SPaRC: A Spatial Pathfinding Reasoning Challenge

Existing reasoning datasets saturate and fail to test abstract, multi-step problems, especially pathfinding and complex rule constraint satisfaction. We introduce SPaRC (Spatial Pathfinding Reasoning Challenge), a dataset of 1,000 2D grid pathfinding puzzles to evaluate spatial and symbolic reasoning, requiring step-by-step planning with arithmetic and geometric rules. Humans achieve near-perfect accuracy (98.0%; 94.5% on hard puzzles), while the best reasoning models, such as o4-mini, struggle (15.8%; 1.1% on hard puzzles). Models often generate invalid paths (>50% of puzzles for o4-mini), and reasoning tokens reveal they make errors in navigation and spatial logic. Unlike humans, who take longer on hard puzzles, models fail to scale test-time compute with difficulty. Allowing models to make multiple solution attempts improves accuracy, suggesting potential for better spatial reasoning with improved training and efficient test-time scaling methods. SPaRC can be used as a window into models' spatial reasoning limitations and drive research toward new methods that excel in abstract, multi-step problem-solving.

Stay Focused: Problem Drift in Multi-Agent Debate

Multi-agent debate - multiple instances of large language models discussing problems in turn-based interaction - has shown promise for solving knowledge and reasoning tasks. However, these methods show limitations, particularly when scaling them to longer reasoning chains. In this study, we unveil a new issue of multi-agent debate: discussions drift away from the initial problem over multiple turns. We define this phenomenon as problem drift and quantify its presence across ten tasks (i.e., three generative, three knowledge, three reasoning, and one instruction-following task). To identify the reasons for this issue, we perform a human study with eight experts on discussions suffering from problem drift, who find the most common issues are a lack of progress (35% of cases), low-quality feedback (26% of cases), and a lack of clarity (25% of cases). To systematically address the issue of problem drift, we propose DRIFTJudge, a method based on LLM-as-a-judge, to detect problem drift at test-time. We further propose DRIFTPolicy, a method to mitigate 31% of problem drift cases. Our study can be seen as a first step to understanding a key limitation of multi-agent debate, highlighting pathways for improving their effectiveness in the future.

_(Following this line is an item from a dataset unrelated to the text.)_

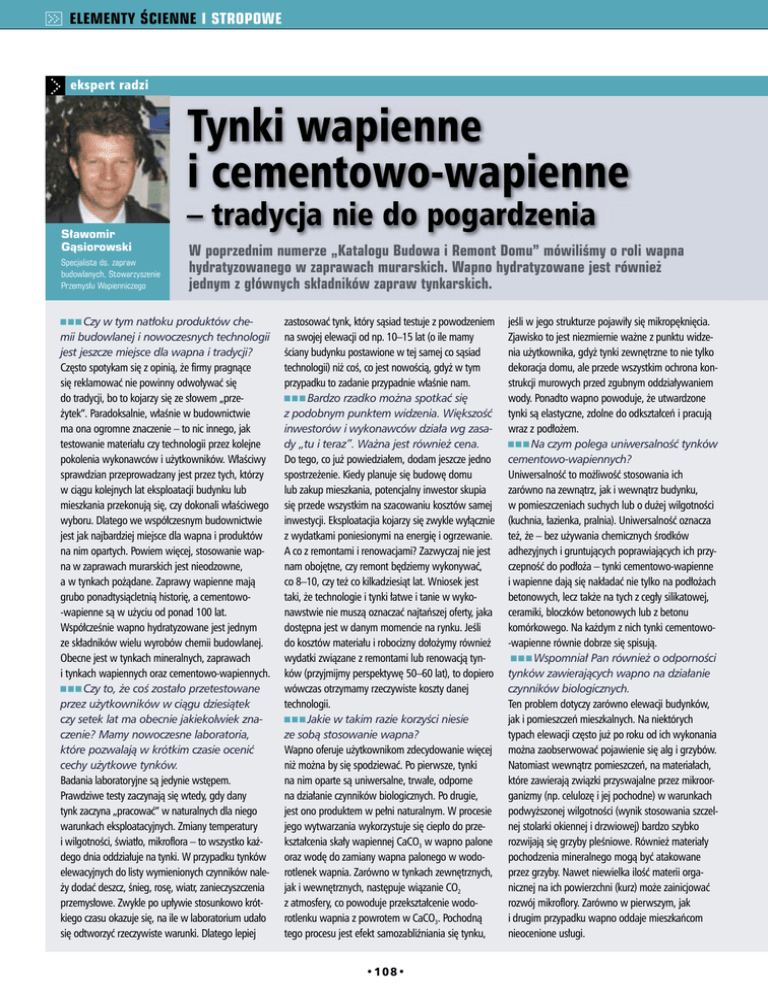 ELEMENTY ŚCIENNE I STROPOWE ekspert radzi Tynki wapienne i cementowo-wapienne Sławomir Gąsiorowski Specjalista ds. zapraw budowlanych, Stowarzyszenie Przemysłu Wapienniczego – tradycja nie do pogardzenia W poprzednim numerze „Katalogu Budowa i Remont Domu” mówiliśmy o roli wapna hydratyzowanego w zaprawach murarskich. Wapno hydratyzowane jest również jednym z głównych składników zapraw tynkarskich. Czy w tym natłoku produktów chemii budowlanej i nowoczesnych technologii jest jeszcze miejsce dla wapna i tradycji? Często spotykam się z opinią, że firmy pragnące się reklamować nie powinny odwoływać się do tradycji, bo to kojarzy się ze słowem „przeżytek”. Paradoksalnie, właśnie w budownictwie ma ona ogromne znaczenie – to nic innego, jak testowanie materiału czy technologii przez kolejne pokolenia wykonawców i użytkowników. Właściwy sprawdzian przeprowadzany jest przez tych, którzy w ciągu kolejnych lat eksploatacji budynku lub mieszkania przekonują się, czy dokonali właściwego wyboru. Dlatego we współczesnym budownictwie jest jak najbardziej miejsce dla wapna i produktów na nim opartych. Powiem więcej, stosowanie wapna w zaprawach murarskich jest nieodzowne, a w tynkach pożądane. Zaprawy wapienne mają grubo ponadtysiącletnią historię, a cementowo-wapienne są w użyciu od ponad 100 lat. Współcześnie wapno hydratyzowane jest jednym ze składników wielu wyrobów chemii budowlanej. Obecne jest w tynkach mineralnych, zaprawach i tynkach wapiennych oraz cementowo-wapiennych. Czy to, że coś zostało przetestowane przez użytkowników w ciągu dziesiątek czy setek lat ma obecnie jakiekolwiek znaczenie? Mamy nowoczesne laboratoria, które pozwalają w krótkim czasie ocenić cechy użytkowe tynków. Badania laboratoryjne są jedynie wstępem. Prawdziwe testy zaczynają się wtedy, gdy dany tynk zaczyna „pracować” w naturalnych dla niego warunkach eksploatacyjnych. Zmiany temperatury i wilgotności, światło, mikroflora – to wszystko każdego dnia oddziałuje na tynki. W przypadku tynków elewacyjnych do listy wymienionych czynników należy dodać deszcz, śnieg, rosę, wiatr, zanieczyszczenia przemysłowe. Zwykle po upływie stosunkowo krótkiego czasu okazuje się, na ile w laboratorium udało się odtworzyć rzeczywiste warunki. Dlatego lepiej zastosować tynk, który sąsiad testuje z powodzeniem na swojej elewacji od np. 10–15 lat (o ile mamy ściany budynku postawione w tej samej co sąsiad technologii) niż coś, co jest nowością, gdyż w tym przypadku to zadanie przypadnie właśnie nam. Bardzo rzadko można spotkać się z podobnym punktem widzenia. Większość inwestorów i wykonawców działa wg zasady „tu i teraz”. Ważna jest również cena. Do tego, co już powiedziałem, dodam jeszcze jedno spostrzeżenie. Kiedy planuje się budowę domu lub zakup mieszkania, potencjalny inwestor skupia się przede wszystkim na szacowaniu kosztów samej inwestycji. Eksploatacjia kojarzy się zwykle wyłącznie z wydatkami poniesionymi na energię i ogrzewanie. A co z remontami i renowacjami? Zazwyczaj nie jest nam obojętne, czy remont będziemy wykonywać, co 8–10, czy też co kilkadziesiąt lat. Wniosek jest taki, że technologie i tynki łatwe i tanie w wykonawstwie nie muszą oznaczać najtańszej oferty, jaka dostępna jest w danym momencie na rynku. Jeśli do kosztów materiału i robocizny dołożymy również wydatki związane z remontami lub renowacją tynków (przyjmijmy perspektywę 50–60 lat), to dopiero wówczas otrzymamy rzeczywiste koszty danej technologii. Jakie w takim razie korzyści niesie ze sobą stosowanie wapna? Wapno oferuje użytkownikom zdecydowanie więcej niż można by się spodziewać. Po pierwsze, tynki na nim oparte są uniwersalne, trwałe, odporne na działanie czynników biologicznych. Po drugie, jest ono produktem w pełni naturalnym. W procesie jego wytwarzania wykorzystuje się ciepło do przekształcenia skały wapiennej CaCO3 w wapno palone oraz wodę do zamiany wapna palonego w wodorotlenek wapnia. Zarówno w tynkach zewnętrznych, jak i wewnętrznych, następuje wiązanie CO2 z atmosfery, co powoduje przekształcenie wodorotlenku wapnia z powrotem w CaCO3. Pochodną tego procesu jest efekt samozabliźniania się tynku, •108• jeśli w jego strukturze pojawiły się mikropęknięcia. Zjawisko to jest niezmiernie ważne z punktu widzenia użytkownika, gdyż tynki zewnętrzne to nie tylko dekoracja domu, ale przede wszystkim ochrona konstrukcji murowych przed zgubnym oddziaływaniem wody. Ponadto wapno powoduje, że utwardzone tynki są elastyczne, zdolne do odkształceń i pracują wraz z podłożem. Na czym polega uniwersalność tynków cementowo-wapiennych? Uniwersalność to możliwość stosowania ich zarówno na zewnątrz, jak i wewnątrz budynku, w pomieszczeniach suchych lub o dużej wilgotności (kuchnia, łazienka, pralnia). Uniwersalność oznacza też, że – bez używania chemicznych środków adhezyjnych i gruntujących poprawiających ich przyczepność do podłoża – tynki cementowo-wapienne i wapienne dają się nakładać nie tylko na podłożach betonowych, lecz także na tych z cegły silikatowej, ceramiki, bloczków betonowych lub z betonu komórkowego. Na każdym z nich tynki cementowo-wapienne równie dobrze się spisują. Wspomniał Pan również o odporności tynków zawierających wapno na działanie czynników biologicznych. Ten problem dotyczy zarówno elewacji budynków, jak i pomieszczeń mieszkalnych. Na niektórych typach elewacji często już po roku od ich wykonania można zaobserwować pojawienie się alg i grzybów. Natomiast wewnątrz pomieszczeń, na materiałach, które zawierają związki przyswajalne przez mikroorganizmy (np. celulozę i jej pochodne) w warunkach podwyższonej wilgotności (wynik stosowania szczelnej stolarki okiennej i drzwiowej) bardzo szybko rozwijają się grzyby pleśniowe. Również materiały pochodze

Voting or Consensus? Decision-Making in Multi-Agent Debate

Much of the success of multi-agent debates depends on carefully choosing the right parameters. Among them, the decision-making protocol stands out. Systematic comparison of decision protocols is difficult because studies alter multiple discussion parameters beyond the protocol. So far, it has been largely unknown how decision-making addresses the challenges of different tasks. This work systematically evaluates the impact of seven decision protocols (e.g., majority voting, unanimity consensus). We change only one variable at a time (i.e., decision protocol) to analyze how different methods affect the collaboration between agents and test different protocols on knowledge (MMLU, MMLU-Pro, GPQA) and reasoning datasets (StrategyQA, MuSR, SQuAD 2.0). Our results show that voting protocols improve performance by 13.2% in reasoning tasks and consensus protocols by 2.8% in knowledge tasks over the other decision protocol. Increasing the number of agents improves performance, while more discussion rounds before voting reduces it. To improve decision-making by increasing answer diversity, we propose two new methods, All-Agents Drafting (AAD) and Collective Improvement (CI). Our methods improve task performance by up to 3.3% with AAD and up to 7.4% with CI. This work demonstrates the importance of decision-making in multi-agent debates beyond scaling.

CiteAssist: A System for Automated Preprint Citation and BibTeX Generation

We present CiteAssist, a system to automate the generation of BibTeX entries for preprints, streamlining the process of bibliographic annotation. Our system extracts metadata, such as author names, titles, publication dates, and keywords, to create standardized annotations within the document. CiteAssist automatically attaches the BibTeX citation to the end of a PDF and links it on the first page of the document so other researchers gain immediate access to the correct citation of the article. This method promotes platform flexibility by ensuring that annotations remain accessible regardless of the repository used to publish or access the preprint. The annotations remain available even if the preprint is viewed externally to CiteAssist. Additionally, the system adds relevant related papers based on extracted keywords to the preprint, providing researchers with additional publications besides those in related work for further reading. Researchers can enhance their preprints organization and reference management workflows through a free and publicly available web interface.